# Spam Classifier

Let's fetch the data:

In [21]:
%load_ext nb_black
import os
import tarfile
import urllib.request

DOWNLOAD_ROOT = "http://spamassassin.apache.org/old/publiccorpus/"
HAM_URL = DOWNLOAD_ROOT + "20030228_easy_ham.tar.bz2"
SPAM_URL = DOWNLOAD_ROOT + "20030228_spam.tar.bz2"
SPAM_PATH = os.path.join("dataset")


def fetch_spam_data(ham_url=HAM_URL, spam_url=SPAM_URL, spam_path=SPAM_PATH):
    if not os.path.isdir(spam_path):
        os.makedirs(spam_path)
    for filename, url in (("ham.tar.bz2", ham_url), ("spam.tar.bz2", spam_url)):
        path = os.path.join(spam_path, filename)
        if not os.path.isfile(path):
            urllib.request.urlretrieve(url, path)
        tar_bz2_file = tarfile.open(path)
        tar_bz2_file.extractall(path=spam_path)
        tar_bz2_file.close()

<IPython.core.display.Javascript object>

In [22]:
fetch_spam_data()

<IPython.core.display.Javascript object>

Load all the emails:

In [23]:
HAM_DIR = os.path.join(SPAM_PATH, "easy_ham")
SPAM_DIR = os.path.join(SPAM_PATH, "spam")
ham_filesname = [name for name in sorted(os.listdir(HAM_DIR)) if len(name) > 20]
spam_filesname = [name for name in sorted(os.listdir(SPAM_DIR)) if len(name) > 20]

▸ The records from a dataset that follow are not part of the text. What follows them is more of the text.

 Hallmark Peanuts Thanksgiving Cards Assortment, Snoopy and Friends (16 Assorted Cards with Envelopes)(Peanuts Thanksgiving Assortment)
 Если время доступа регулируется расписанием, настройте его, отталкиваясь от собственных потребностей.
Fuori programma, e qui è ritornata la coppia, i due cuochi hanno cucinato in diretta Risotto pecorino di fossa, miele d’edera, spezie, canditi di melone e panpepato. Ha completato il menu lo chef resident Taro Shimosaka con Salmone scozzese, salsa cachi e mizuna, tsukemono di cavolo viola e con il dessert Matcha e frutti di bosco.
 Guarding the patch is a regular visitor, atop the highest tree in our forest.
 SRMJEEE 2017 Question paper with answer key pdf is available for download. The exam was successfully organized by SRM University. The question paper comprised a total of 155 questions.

<IPython.core.display.Javascript object>

In [24]:
len(spam_filesname)

500

<IPython.core.display.Javascript object>

In [25]:
len(ham_filesname)

2500

<IPython.core.display.Javascript object>

We can use Python's email module to parse these emails (this handles headers, encoding, and so on):

In [26]:
import email
import email.policy


def load_email(is_spam, filename, spam_path=SPAM_PATH):
    directory = "spam" if is_spam else "easy_ham"
    with open(os.path.join(spam_path, directory, filename), "rb") as f:
        return email.parser.BytesParser(policy=email.policy.default).parse(f)

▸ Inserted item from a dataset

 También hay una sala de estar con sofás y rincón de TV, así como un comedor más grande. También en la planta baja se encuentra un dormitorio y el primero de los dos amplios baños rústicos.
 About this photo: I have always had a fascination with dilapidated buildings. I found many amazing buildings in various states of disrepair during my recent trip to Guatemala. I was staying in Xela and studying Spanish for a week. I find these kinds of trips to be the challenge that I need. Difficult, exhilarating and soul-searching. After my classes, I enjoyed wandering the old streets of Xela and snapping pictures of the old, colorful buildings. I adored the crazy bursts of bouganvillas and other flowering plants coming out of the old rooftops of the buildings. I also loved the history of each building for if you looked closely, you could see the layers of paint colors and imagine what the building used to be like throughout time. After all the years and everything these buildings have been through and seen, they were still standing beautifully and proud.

<IPython.core.display.Javascript object>

In [27]:
ham_emails = [load_email(is_spam=False, filename=name) for name in ham_filesname]
spam_emails = [load_email(is_spam=True, filename=name) for name in spam_filesname]

<IPython.core.display.Javascript object>

Let's look at one example of ham and one example of spam, to get a feel of what the data looks like:

In [28]:
print(ham_emails[1].get_content().strip())

Martin A posted:
Tassos Papadopoulos, the Greek sculptor behind the plan, judged that the
 limestone of Mount Kerdylio, 70 miles east of Salonika and not far from the
 Mount Athos monastic community, was ideal for the patriotic sculpture. 
 
 As well as Alexander's granite features, 240 ft high and 170 ft wide, a
 museum, a restored amphitheatre and car park for admiring crowds are
planned
---------------------
So is this mountain limestone or granite?
If it's limestone, it'll weather pretty fast.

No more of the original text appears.